Baptisé « Space Reactor-1 Freedom », cet engin testera une technologie appelée propulsion nucléaire électrique, qui permet des voyages efficaces et très puissants dans l’espace lointain, là où les panneaux solaires deviennent inefficaces.
À son arrivée sur Mars, le vaisseau libérera un groupe de petits hélicoptères appelé charge utile Skyfall, qui explorera la surface de la planète.
Le lancement de Space Reactor-1 servira aussi à valider les règles de sécurité et les procédures de tir en vue de missions supplémentaires, a précisé l’agence.
De nouvelles missions scientifiques
La NASA a également présenté plusieurs missions scientifiques à venir.
Parmi elles figure le télescope spatial Nancy Grace Roman, un programme de recherche qui doit faire progresser l’étude de l’énergie noire, cette composante de l’Univers que l’on pense responsable de son expansion.
La mission Dragonfly lancera en 2028 un octocoptère à propulsion nucléaire, un type de drone équipé de huit rotors lui permettant de voler. L’appareil doit arriver en 2034 sur Titan, lune de Saturne, pour explorer cet environnement complexe et riche en composés organiques.

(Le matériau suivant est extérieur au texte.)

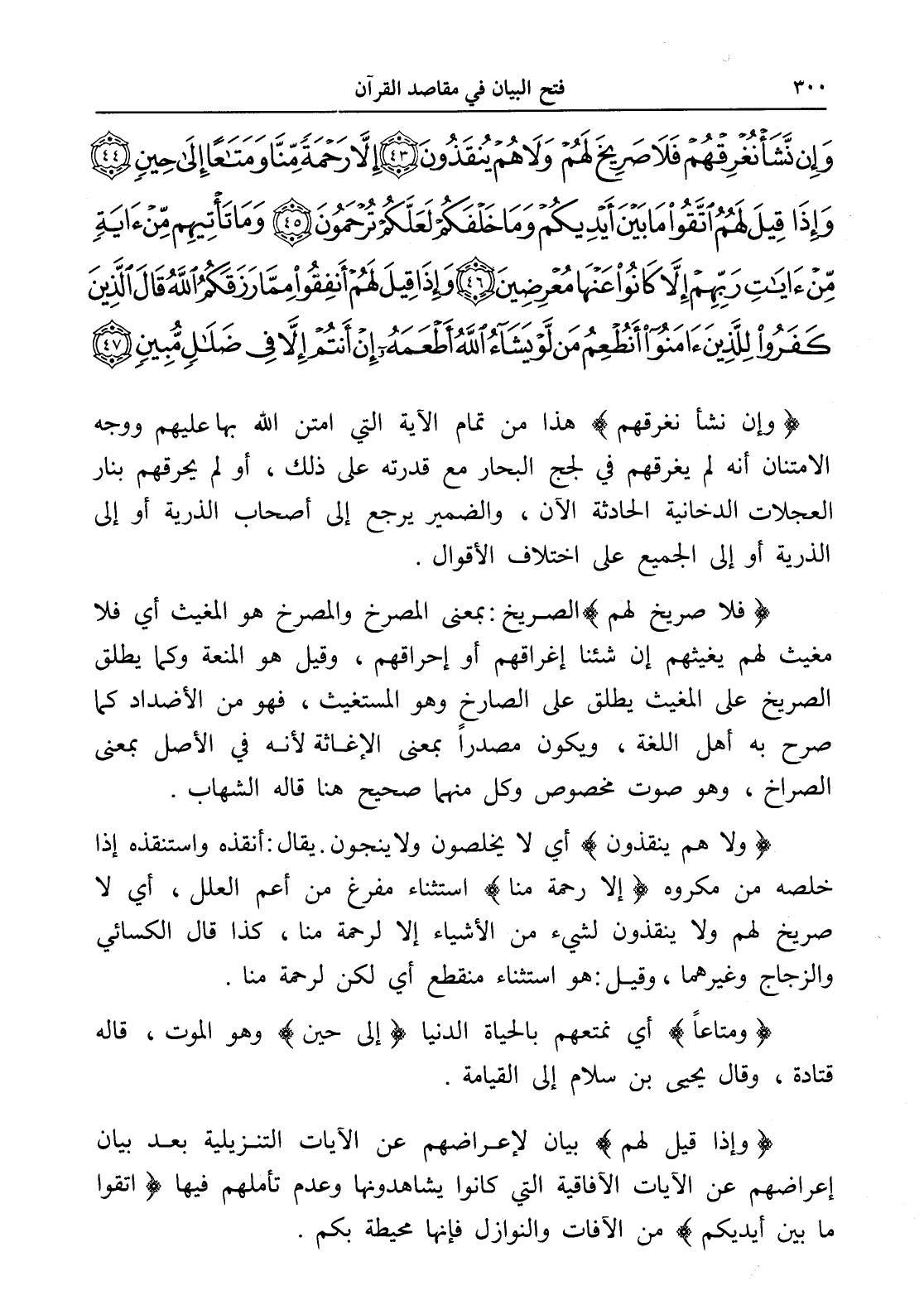 وَإِنْ نَشَأْ نُغْرِقْهُمْ فَلَا صَرِيخَ لَهُمْ وَلَا هُمْ يُنْقَذُونَ (43) إِلَّا رَحْمَةً مِنَّا وَمَتَاعًا إِلَى حِينٍ (44) وَإِذَا قِيلَ لَهُمُ اتَّقُوا مَا بَيْنَ أَيْدِيكُمْ وَمَا خَلْفَكُمْ لَعَلَّكُمْ تُرْحَمُونَ (45) وَمَا تَأْتِيهِمْ مِنْ آيَةٍ مِنْ آيَاتِ رَبِّهِمْ إِلَّا كَانُوا عَنْهَا مُعْرِضِينَ (46) وَإِذَا قِيلَ لَهُمْ أَنْفِقُوا مِمَّا رَزَقَكُمُ اللَّهُ قَالَ الَّذِينَ كَفَرُوا لِلَّذِينَ آمَنُوا أَنُطْعِمُ مَنْ لَوْ يَشَاءُ اللَّهُ أَطْعَمَهُ إِنْ أَنْتُمْ إِلَّا فِي ضَلَالٍ مُبِينٍ (47)
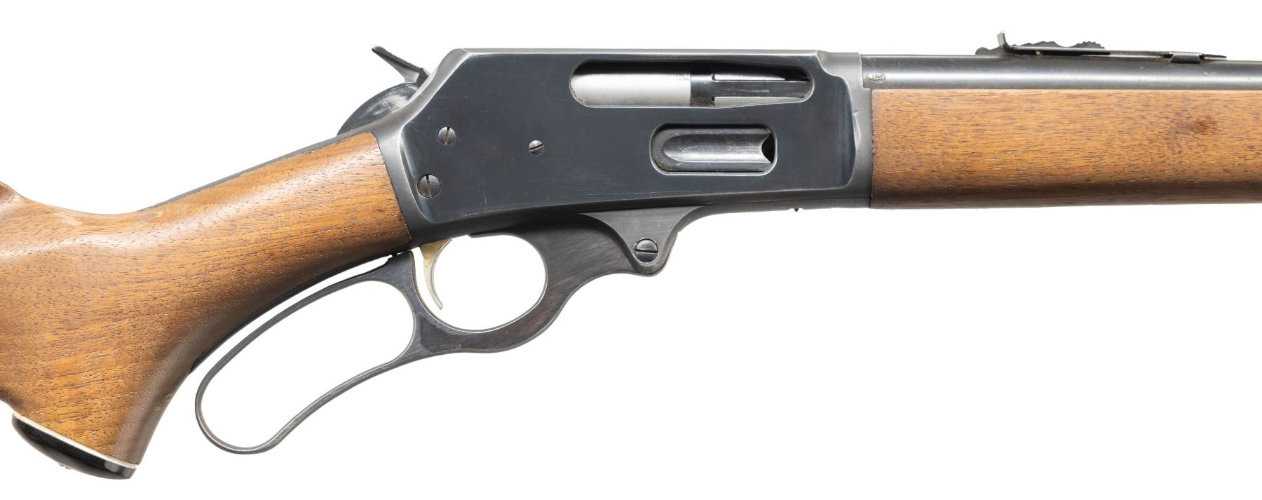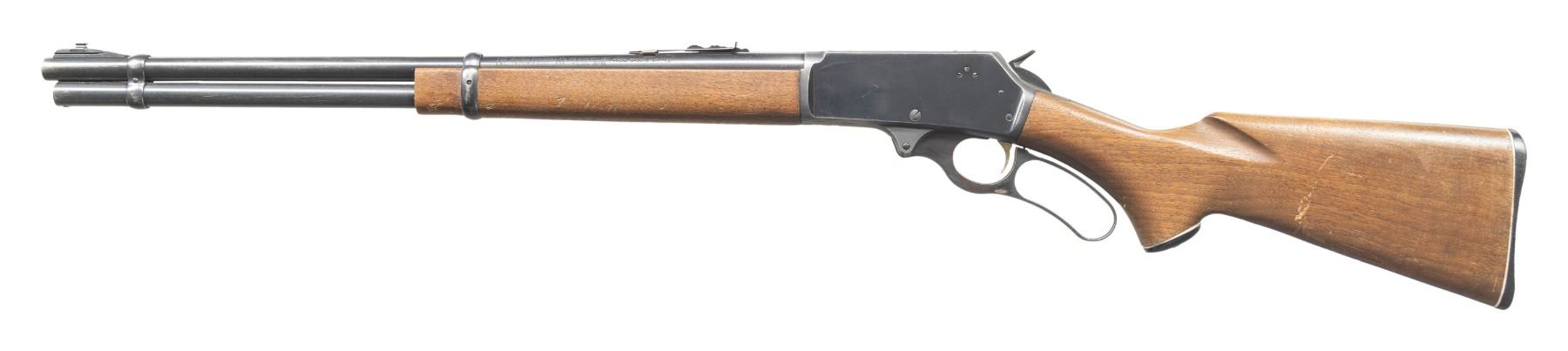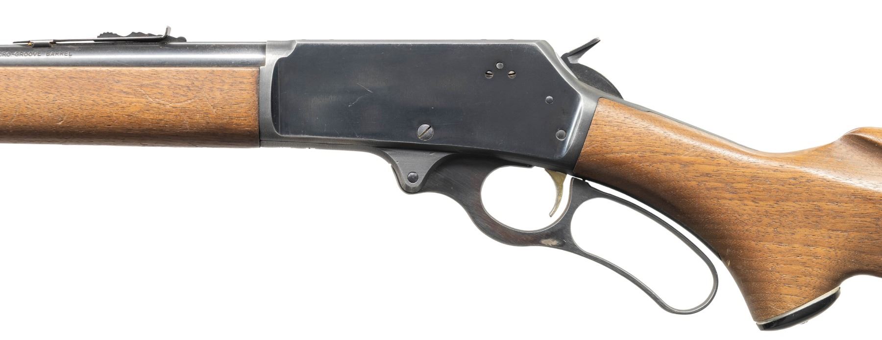 Cal. 30-30. S# T1088. Micro-groove 18" bbl. w/ sporting sights; replacement front sight. D&T pre-crossbolt safety action w/ gold washed trigger. Walnut stock set. CONDITION: good worn blue with scratches, 1 large dent right side action & muzzle wear. Fair worn wood finish with large gouge left side buttstock & numerous marks on forearm. Very good rifling with light residue. (25-6721/MD). CURIO. $400-600.

En 2028, la NASA lancera la mission Dragonfly (source en anglais), qui enverra vers Titan, le plus grand satellite de Saturne, un robot à propulsion nucléaire doté de huit rotors. À son arrivée en 2034, il survolera la surface de Titan à la recherche d’indices sur la chimie et la géologie de la lune susceptibles de favoriser l’apparition de la vie.
La NASA enverra également en 2028 sur Mars le rover Rosalind Franklin, construit par l’Agence spatiale européenne (ESA). Il embarque un spectromètre de masse destiné à détecter et analyser des molécules organiques.
Parallèlement, une nouvelle mission d’observation de la Terre, qui sera lancée l’an prochain, étudiera le développement des orages convectifs afin d’améliorer les prévisions d’épisodes météorologiques extrêmes jusqu’à six heures à l’avance.